Cost of HPV screening at community health campaigns (CHCs) and health clinics in rural Kenya

Jennifer Shen, Easter Olwanda, James G Kahn, Megan J Huchko, Jennifer Shen, Easter Olwanda, James G Kahn, Megan J Huchko

Abstract

Background: Cervical cancer is the most frequent neoplasm among Kenyan women, with 4800 diagnoses and 2400 deaths per year. One reason is an extremely low rate of screening through pap smears, at 13.8% in 2014. Knowing the costs of screening will help planners and policymakers design, implement, and scale programs.

Methods: We conducted HPV-based cervical cancer screening via self-collection in 12 communities in rural Migori County, Kenya. Six communities were randomized to community health campaigns (CHCs), and six to screening at government clinics. All HPV-positive women were referred for cryotherapy at Migori County Hospital. We prospectively estimated direct costs from the health system perspective, using micro-costing methods. Cost data were extracted from expenditure records, staff interviews, and time and motion logs. Total costs per woman screening included three activities: outreach, HPV-based screening, and notification. Types of inputs include personnel, recurrent goods, capital goods, and services. We costed potential changes to implementation for scaling.

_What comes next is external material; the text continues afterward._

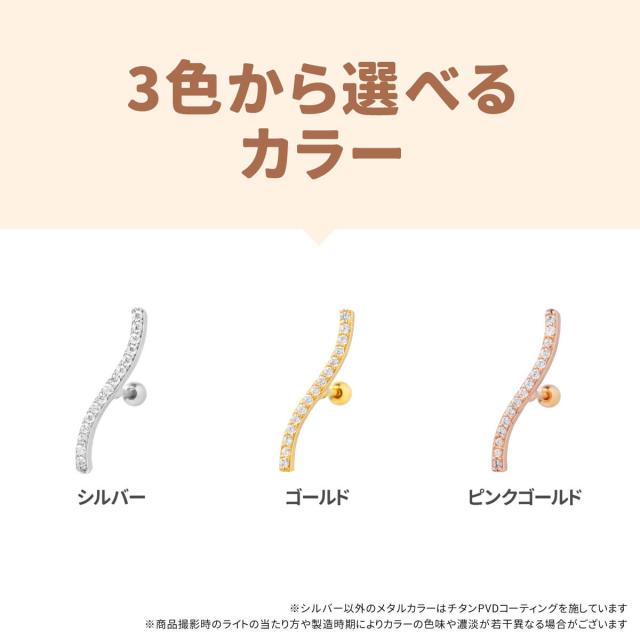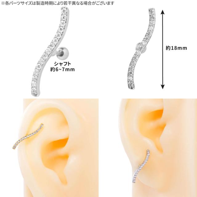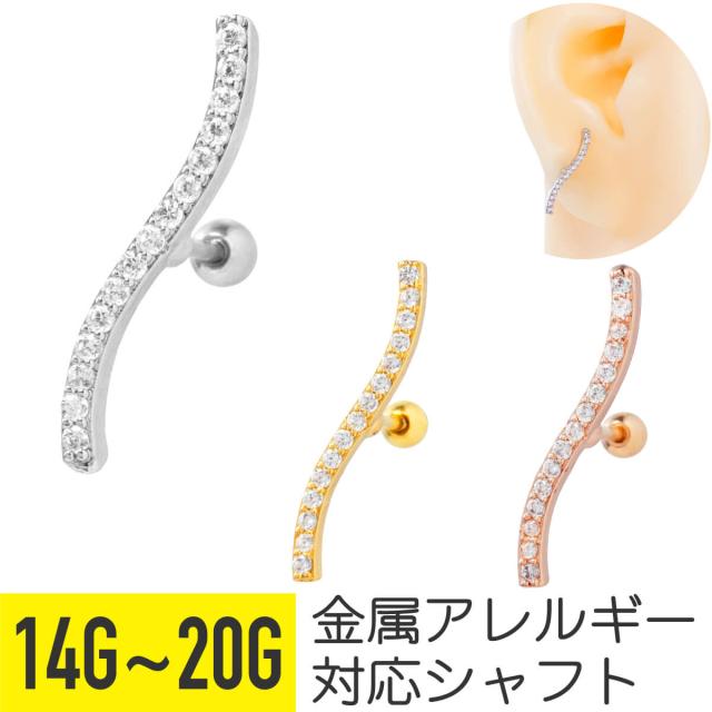 ウェーブ ライン ジュエル ストレートバーベル 14G 16G 18G 20G サージカルステンレス ヘリックス 軟骨ピアス ボディピアス ウェイブ

Results: From January to September 2016, 2899 women were screened in CHCs and 2042 in clinics. Each CHC lasted for 30 working days, 10 days each for outreach, screening, and notification. The mean cost per woman screened was $25.00 for CHCs [median: $25.09; Range: $22.06-30.21] and $29.56 for clinics [$28.90; $25.27-37.08]. Clinics had higher costs than CHCs for personnel ($14.27 vs. $11.26) and capital ($5.55 vs. $2.80). Screening costs were higher for clinics at $21.84, compared to $17.48 for CHCs. In contrast, CHCs had higher outreach costs ($3.34 vs. $0.17). After modeling a reduction in staffing, clinic per-screening costs ($25.69) were approximately equivalent to CHCs.

Conclusions: HPV-based cervical cancer screening through community health campaigns achieved lower costs per woman screened, compared to screening at clinics. Periodic high-volume CHCs appear to be a viable low-cost strategy for implementing cervical cancer screening.

Trial registration: ClinicalTrials.gov NCT02124252.

Keywords: Cervical cancer screening; HPV testing; Micro-costing; Rural Kenya.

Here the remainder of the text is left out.